As we have done for a number of years, we publish the flowering dates for the National Fruit Collection at Brogdale, Kent, undertaken and kindly supplied by Lorinda Jewsbury. These are the records for a selection of varieties (standards and any new accessions) from all the tree fruit collections at Brogdale.

An early start to the warm weather has really brought on the flowering for this year, as I’m sure you’re aware. The plums are roughly a couple of weeks earlier compared to last year. As an example, Victoria was in full bloom this year on 30th March – earlier than the 10th April noted for last year; the current 10 year mean (the average full bloom date) for Victoria is 8th April.
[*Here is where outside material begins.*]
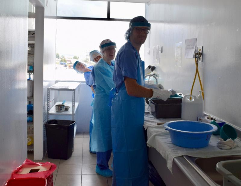 Once the OR is set up, there is still much to do to keep the surgeries running smoothly. One of the big jobs our Lay Team does is scrubbing instruments. It's hot, sweaty work standing for hours in a steamy room – but our Lay Team took this on with smiles on their faces and a wonderful sense of humor. Aren't they cute?

Although a number of the cherries in the Collection have yet to come into flower, the earlier varieties, again, have responded to the warm weather and Lapins reached full bloom on the 2nd April. It was the 23rd April last year and Lapins’ 10-year mean is 16th April.

The pear orchard is a sea of white once more as the trees have responded to the temperatures. Louise Bonne of Jersey, one of the early flowerers in the Pear Collection, was in full bloom on the 30th March. Last year saw it at full bloom on the 15th April, pretty much spot on for its average of 14th April.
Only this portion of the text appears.